The Type I is the *Reflective-Reflective Measurement Model*, known as the *Second-Order Construct Type I*, one of the models most frequently applied in SEM among researchers nowadays. The Type II is the *Reflective-Formative Measurement Model Type II*. According to Chin’s clarification, the LOCs are selectively measured constructs that do not share a common cause but rather form a general concept that fully mediates the impact on subsequent endogenous variables (Chin 1998b). In recent years, this type of model has become the most widely used in empirical applications, currently being considered by researchers, also thanks to the recent availability of appropriate model software (Roni et al. 2015). Several works describe different methods used to estimate the reflective-formative HOCs (Becker et al. 2012; Ciavolino 2012). The third type is the *Formative-Reflective Measurement Model Type III*, slightly different compared to the Reflective-Formative Type II in the explanation above. In this instance, the HOC is a common concept of several specific formative LOCs. Examples in the empirical literature are rather scarce, but a meaningful application of such a model could be firm performance as a reflective HOC measured by several different indices of a firm performance as formative LOCs (Becker et al. 2012). Finally, the fourth type is represented by the *Formative-Formative Measurement Model Type III*, the least frequently implemented in the SEM. This application is appropriate when both the HOC and LOCs are formative constructs.

Empirical studies reports that HOC PLS-PM, the reflective-formative type and formative-formative type, were most frequently employed. This indicates the predominance of formative type hierarchical LV models, even if clear guidelines on their use are lacking in the literature (Joseph et al. 2014). For PLS-PM, guidelines are mainly available for HOCs with reflective relationships (Lohmöller 2013; Wetzels et al. 2009; Wold 1982), even though Joseph et al. (2014) show that HOCs with reflective relationships in the first-order and second-order of the hierarchy represent only a minority (20%) of the models applied in *MIS Quarterly*. However, there is a large need for guidelines on the use and modeling of HOCs with formative relationships in PLS-SEM (Becker et al. 2012).

## Estimation of Higher-Order Constructs in PLS-PM

Within the frame of PLS-PM, two main approaches have been developed in the literature in order to estimate the parameters of HOCs: the Repeated Indicator Approach Lohmöller (2013) and the Two Step Approach (Joseph et al. 2014; Wetzels et al. 2009). Recently, other two approaches have been presented: the Mixed Two Step Approach and the PLS Components Regression Approach (Cataldo et al. 2017). All these approaches will be briefly described in this section. For a more detailed discussion and step-by-step illustration, see Becker et al. (2012), Lohmöller (2013), Joseph et al. (2014), Lauro et al. (2018) and Cataldo et al. (2017). The Repeated Indicators Approach is the first and the most popular approach: the indicators of the LOCs are used as the MVs of the HOC (Wilson and Henseler 2007) (Fig. 3). The Two Step Approach, as described by Cataldo et al. (2017), “consists of two phases: first, the LV scores of the LOCs are computed without the HOC (Rajala and Westerlund 2010); then, the PLS-PM analysis is performed using the computed scores as indicators of the HOCs. The implementation is not performed through a single PLS run; this implies that any Second-Order Construct, investigated in stage two, is not taken into account when estimating the LV scores in stage one” (Fig. 3).
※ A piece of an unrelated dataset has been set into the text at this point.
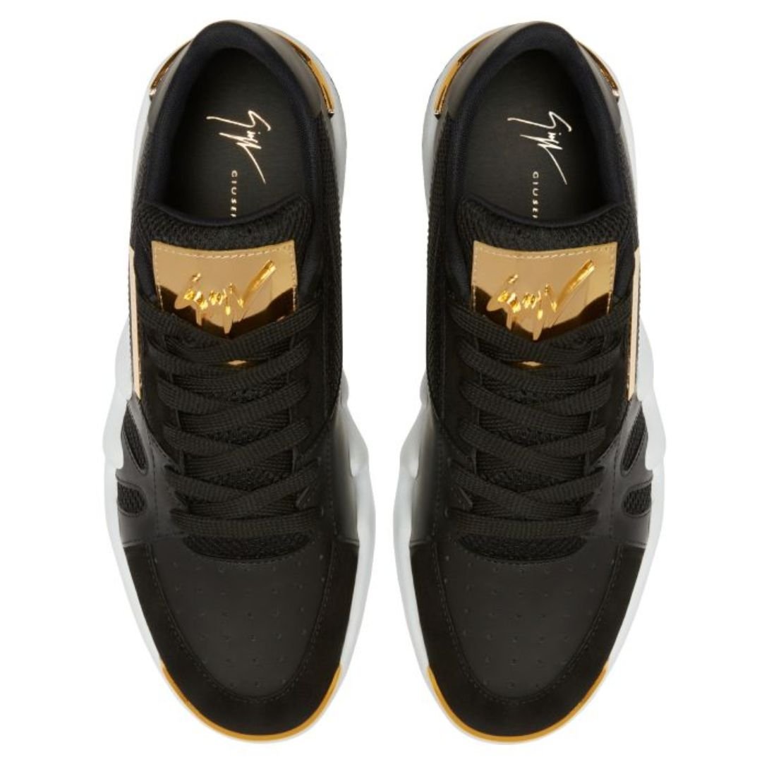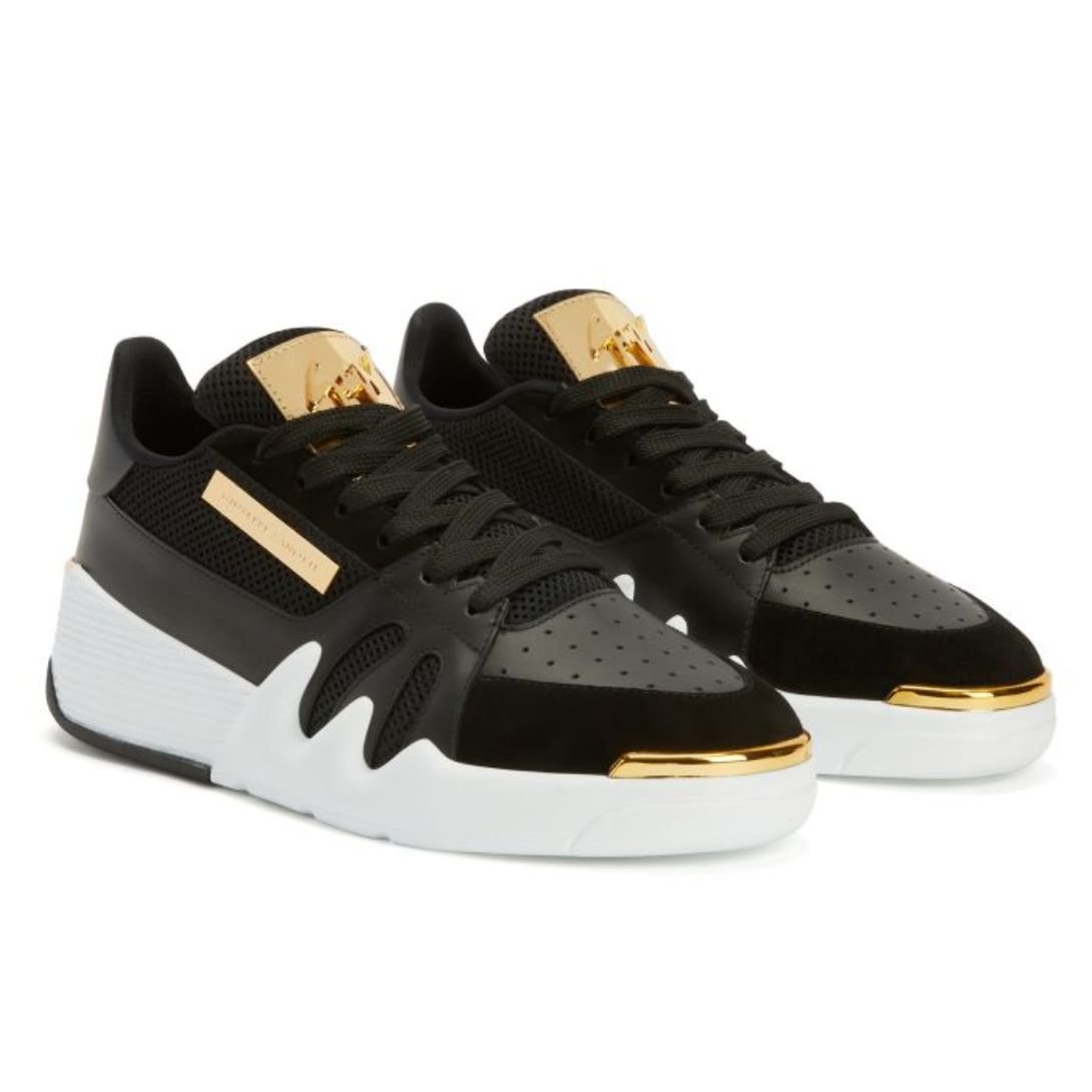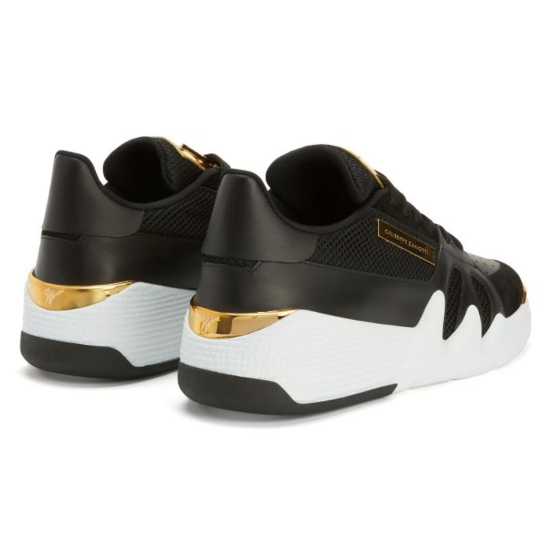 These luxurious mid-top ‘Talon’ sneakers are crafted from a blend of black leather, velour, and synthetic mesh fabric, offering a rich texture and sleek finish. Featuring golden metal ‘Signature’ hardware on the tongue and a matching ‘Label Signature’ on the outer side, the sneakers exude premium sophistication. A white rubber sole with golden chromed spoilers and accents adds a striking contrast, while the black technical fabric inner lining ensures comfort.

The Mixed Two Step Approach begins with the implementation of the PLS-PM using the indicators of the LOCs as the MVs of the HOC, such as the Repeated Indicators Approach. In this way, the algorithm gives the scores of the LOCs. Then, the scores of the blocks become indicators of the HOC, and the PLS-PM algorithm is run again (Fig. 4). At last, the PLS Component Regression Approach is described by Cataldo et al. (2017) as consisting of three different steps (Fig. 5): “firstly, a HOC is formed of all the MVs of the LOCs; then, PLS-Regression is applied in order to obtain *h* components for each block; once *h* components have been obtained, they represent the MVs of the HOC and the PLS-PM algorithm is performed”.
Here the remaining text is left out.